Among the entries that follow, locate the line with "注目すべきは、Golden Gear が最近" and the line with "Мужские кроссовки On". Output those lines and all lines in between, exactly, minus the pictures.

» INPUT RECORDS

+===+

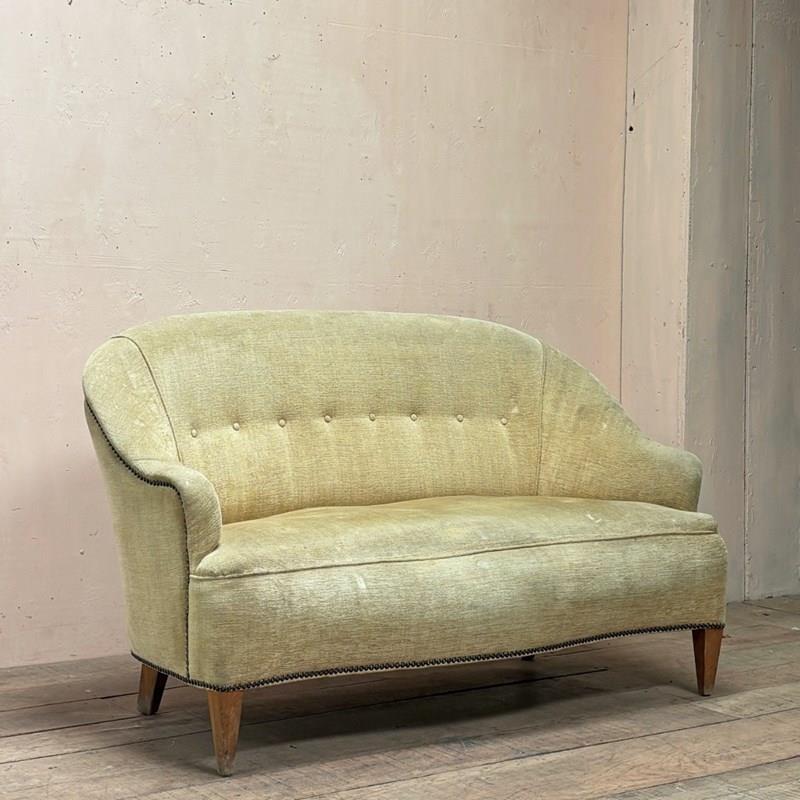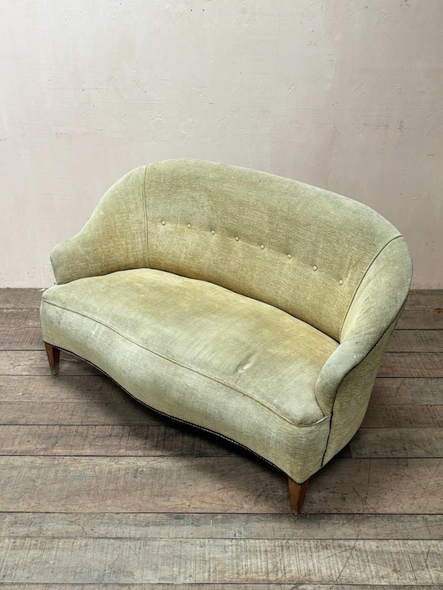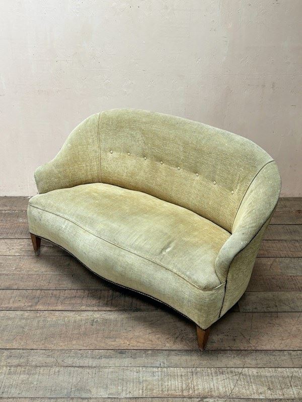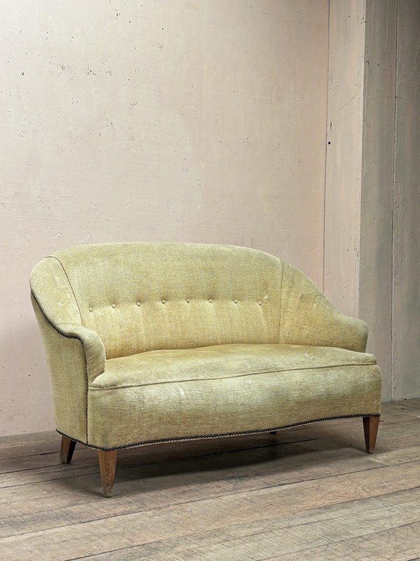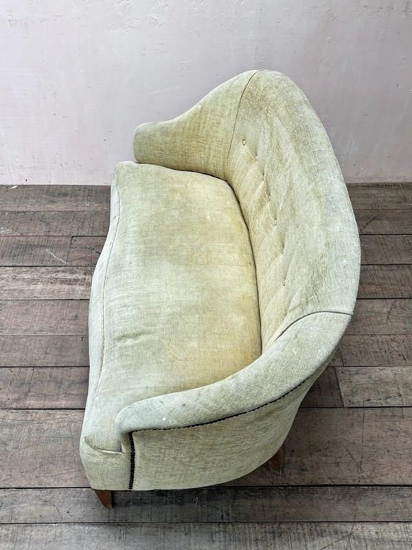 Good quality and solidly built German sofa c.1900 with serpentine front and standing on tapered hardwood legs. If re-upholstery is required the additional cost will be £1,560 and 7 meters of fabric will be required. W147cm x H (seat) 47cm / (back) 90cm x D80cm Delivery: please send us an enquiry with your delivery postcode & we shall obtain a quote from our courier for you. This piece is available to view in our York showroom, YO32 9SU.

+===+

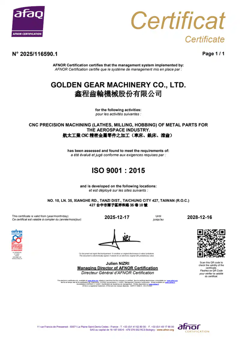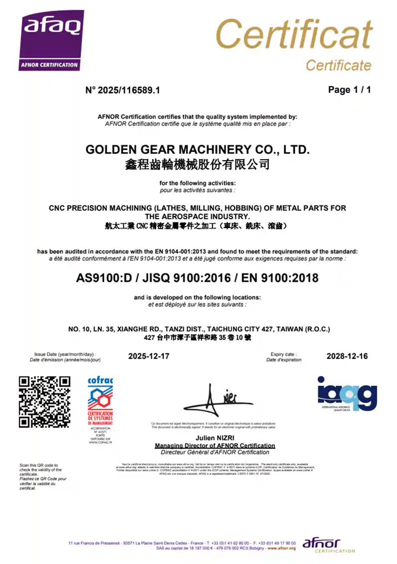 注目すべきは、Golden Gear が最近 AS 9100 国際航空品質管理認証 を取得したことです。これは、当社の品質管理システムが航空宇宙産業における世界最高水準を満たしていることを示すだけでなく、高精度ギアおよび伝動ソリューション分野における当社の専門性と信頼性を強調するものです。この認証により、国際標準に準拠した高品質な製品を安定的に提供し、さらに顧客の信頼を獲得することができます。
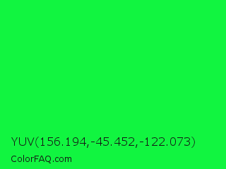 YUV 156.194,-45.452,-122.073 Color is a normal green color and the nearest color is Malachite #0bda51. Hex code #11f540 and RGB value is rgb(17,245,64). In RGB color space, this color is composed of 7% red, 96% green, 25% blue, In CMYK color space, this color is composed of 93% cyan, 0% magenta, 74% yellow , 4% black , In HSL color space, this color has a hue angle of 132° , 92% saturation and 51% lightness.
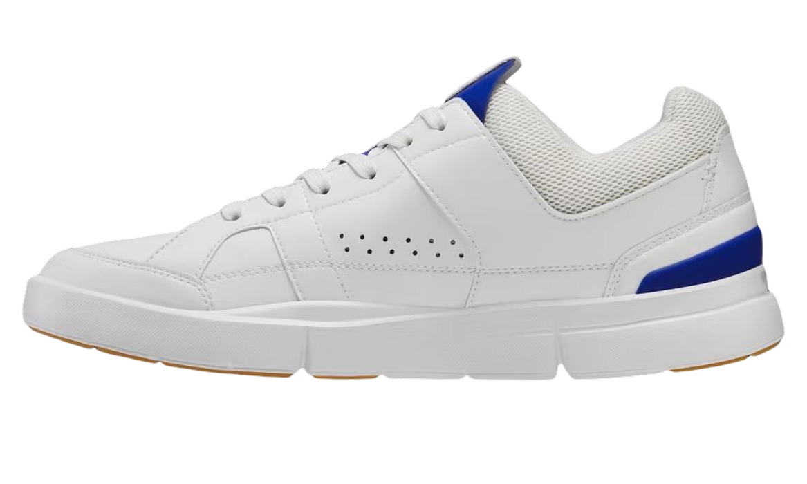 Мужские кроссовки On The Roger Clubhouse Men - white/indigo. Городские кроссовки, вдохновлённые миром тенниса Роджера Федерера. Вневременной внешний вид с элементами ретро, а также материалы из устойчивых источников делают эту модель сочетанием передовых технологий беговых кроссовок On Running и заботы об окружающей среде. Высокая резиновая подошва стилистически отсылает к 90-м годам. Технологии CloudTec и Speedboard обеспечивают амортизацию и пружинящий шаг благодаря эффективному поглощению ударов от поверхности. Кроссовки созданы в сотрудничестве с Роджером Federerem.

+===+

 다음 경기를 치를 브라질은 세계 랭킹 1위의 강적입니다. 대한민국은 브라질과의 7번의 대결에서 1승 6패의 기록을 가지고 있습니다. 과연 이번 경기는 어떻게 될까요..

+===+

» REPLY
 注目すべきは、Golden Gear が最近 AS 9100 国際航空品質管理認証 を取得したことです。これは、当社の品質管理システムが航空宇宙産業における世界最高水準を満たしていることを示すだけでなく、高精度ギアおよび伝動ソリューション分野における当社の専門性と信頼性を強調するものです。この認証により、国際標準に準拠した高品質な製品を安定的に提供し、さらに顧客の信頼を獲得することができます。
 YUV 156.194,-45.452,-122.073 Color is a normal green color and the nearest color is Malachite #0bda51. Hex code #11f540 and RGB value is rgb(17,245,64). In RGB color space, this color is composed of 7% red, 96% green, 25% blue, In CMYK color space, this color is composed of 93% cyan, 0% magenta, 74% yellow , 4% black , In HSL color space, this color has a hue angle of 132° , 92% saturation and 51% lightness.
 Мужские кроссовки On The Roger Clubhouse Men - white/indigo. Городские кроссовки, вдохновлённые миром тенниса Роджера Федерера. Вневременной внешний вид с элементами ретро, а также материалы из устойчивых источников делают эту модель сочетанием передовых технологий беговых кроссовок On Running и заботы об окружающей среде. Высокая резиновая подошва стилистически отсылает к 90-м годам. Технологии CloudTec и Speedboard обеспечивают амортизацию и пружинящий шаг благодаря эффективному поглощению ударов от поверхности. Кроссовки созданы в сотрудничестве с Роджером Federerem.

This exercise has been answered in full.